__EXERCISE DIRECTIONS__:
From the listing below, give again exactly the lines from the line with "Parametry produktu  nadkolí" to the line with "12月13日下午,宁乡县,数", ends included, without any pictures.

[Opening DATA EXCERPTS section]

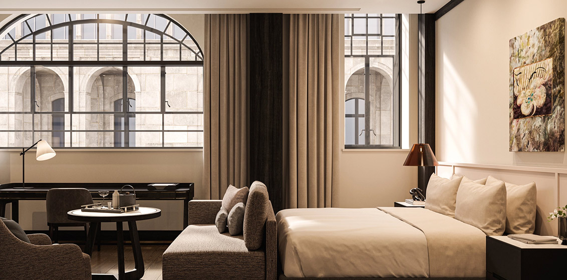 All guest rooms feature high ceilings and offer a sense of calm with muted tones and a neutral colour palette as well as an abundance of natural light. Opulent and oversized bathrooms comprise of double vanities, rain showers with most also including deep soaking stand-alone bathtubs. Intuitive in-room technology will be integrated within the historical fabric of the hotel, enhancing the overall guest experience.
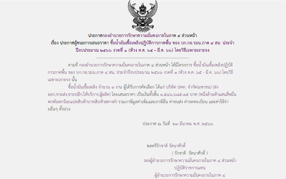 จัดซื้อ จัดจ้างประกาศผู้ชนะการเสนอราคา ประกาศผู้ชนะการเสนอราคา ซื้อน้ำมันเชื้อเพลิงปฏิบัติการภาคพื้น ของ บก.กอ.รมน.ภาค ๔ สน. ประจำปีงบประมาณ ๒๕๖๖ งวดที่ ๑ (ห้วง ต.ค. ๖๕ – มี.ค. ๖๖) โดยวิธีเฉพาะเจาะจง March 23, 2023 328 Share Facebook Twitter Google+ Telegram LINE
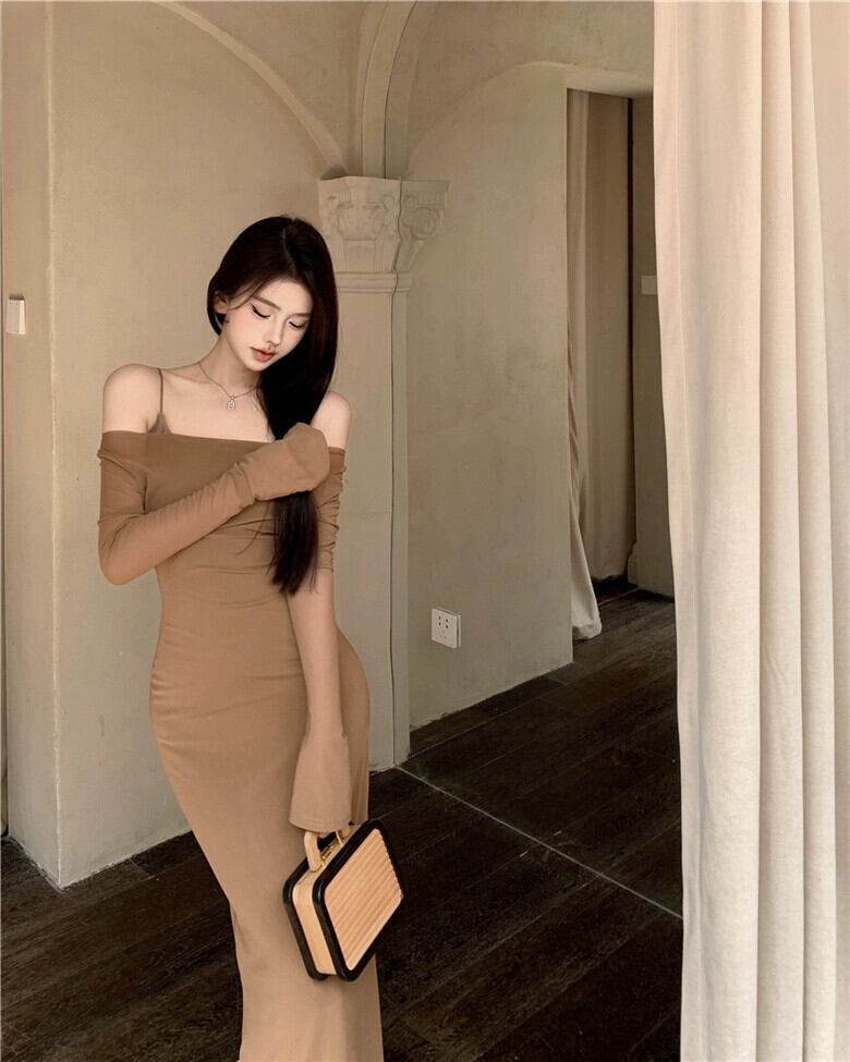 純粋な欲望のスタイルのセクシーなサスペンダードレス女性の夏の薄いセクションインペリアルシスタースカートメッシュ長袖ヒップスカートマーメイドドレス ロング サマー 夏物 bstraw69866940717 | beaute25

[Closing DATA EXCERPTS section]
[Opening DATA EXCERPTS section]

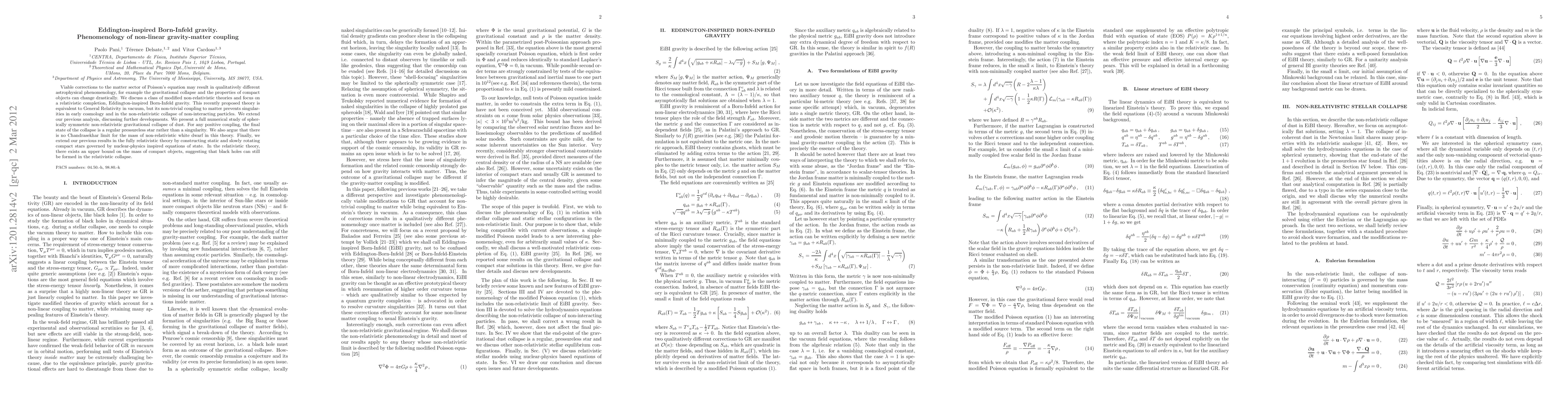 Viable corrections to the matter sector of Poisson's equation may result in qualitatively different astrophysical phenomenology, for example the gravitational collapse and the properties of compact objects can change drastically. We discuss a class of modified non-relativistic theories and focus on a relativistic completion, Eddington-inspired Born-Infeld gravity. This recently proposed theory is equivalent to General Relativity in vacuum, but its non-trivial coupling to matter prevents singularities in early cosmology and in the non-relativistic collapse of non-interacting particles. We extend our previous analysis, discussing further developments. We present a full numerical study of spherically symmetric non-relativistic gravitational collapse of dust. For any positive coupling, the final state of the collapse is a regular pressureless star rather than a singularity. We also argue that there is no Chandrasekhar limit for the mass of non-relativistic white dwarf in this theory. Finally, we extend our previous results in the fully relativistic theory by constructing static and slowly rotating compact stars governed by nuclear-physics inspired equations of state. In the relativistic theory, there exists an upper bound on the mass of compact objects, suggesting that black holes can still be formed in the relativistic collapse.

[Closing DATA EXCERPTS section]
[Opening DATA EXCERPTS section]

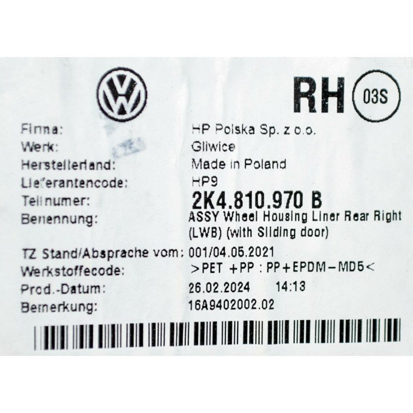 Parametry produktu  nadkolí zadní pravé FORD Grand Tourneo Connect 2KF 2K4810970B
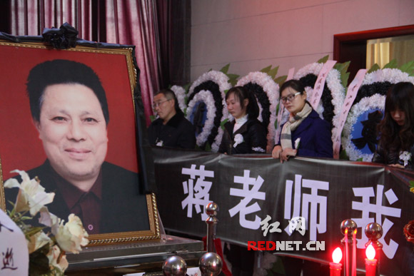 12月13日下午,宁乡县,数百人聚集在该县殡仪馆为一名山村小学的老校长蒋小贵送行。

[Closing DATA EXCERPTS section]

__WRITTEN RESPONSE__:
 Parametry produktu  nadkolí zadní pravé FORD Grand Tourneo Connect 2KF 2K4810970B
 12月13日下午,宁乡县,数百人聚集在该县殡仪馆为一名山村小学的老校长蒋小贵送行。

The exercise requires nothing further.